Governing the Adaptive Organism - A Framework for Human-AI Symbiosis in Anticipatory Project Management
Abstract
Abstract
Artificial intelligence (AI) is reshaping project management, yet governance frameworks lag behind the shift from tool-based automation to human-AI symbiosis. This article synthesises literature across four domains; AI in project management, human-AI collaboration, anticipatory governance, and complexity theory, to propose the Adaptive Organism Governance (AOG) Framework. The framework reconceptualises the project organisation as a complex adaptive system with four dimensions: Cognitive Augmentation, Collaborative Intelligence, Anticipatory Sensing, and Complexity Absorption. These are operationalised through six governance principles: subsidiarity, transparency, adaptability, resilience, human-centricity, and continuous learning.

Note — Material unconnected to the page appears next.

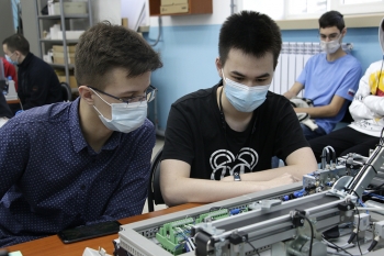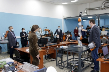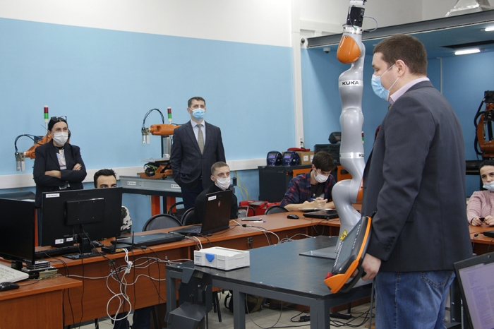 Затем гостей ждала экскурсия в научно-образовательный центр «Промышленная робототехника и передовые промышленные технологии», где руководитель центра С. И. Сухоруков и декан факультета энергетики и управления А. С. Гудим рассказали о развитии автоматизации и робототехники на российском Дальнем Востоке, продемонстрировали возможности роботизированной техники, рассказали о реализации образовательных программ, исследовательских и инжиниринговых проектов в области промышленной автоматизации и робототехники с применением новейших производственных технологий. Центр был создан на средства гранта Министерства образования и науки Российской Федерации и состоит из двух лабораторий, оснащённых самым современным оборудованием: лаборатории промышленной автоматики и лаборатории промышленной робототехники.
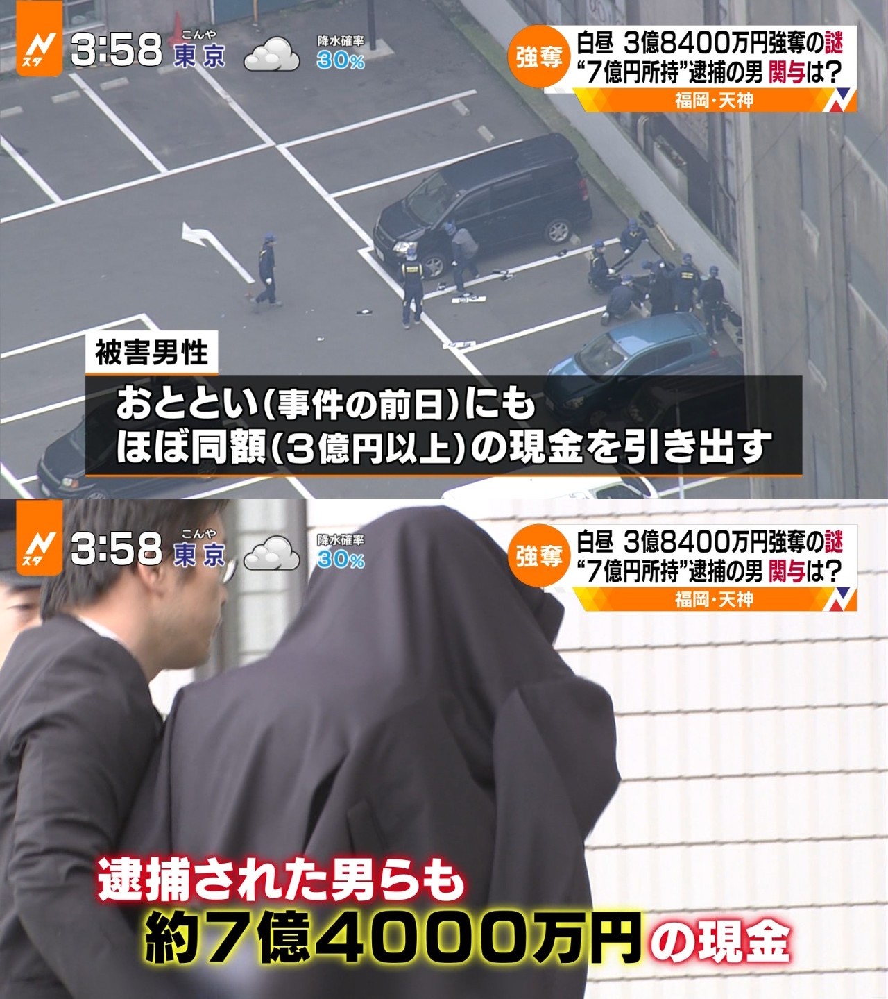 これから3億8400万円の強奪事件に関与しているかどうか慎重に取り調べをする。

By shifting focus from controlling machines to cultivating symbiotic ecosystems, the AOG Framework offers a pathway for anticipatory, adaptive, and resilient project delivery. This conceptual paper advances theory by unifying fragmented domains into a governance model that addresses the “absorption gap” between technological capability and organisational readiness, positioning human-AI symbiosis as a cornerstone of future project management.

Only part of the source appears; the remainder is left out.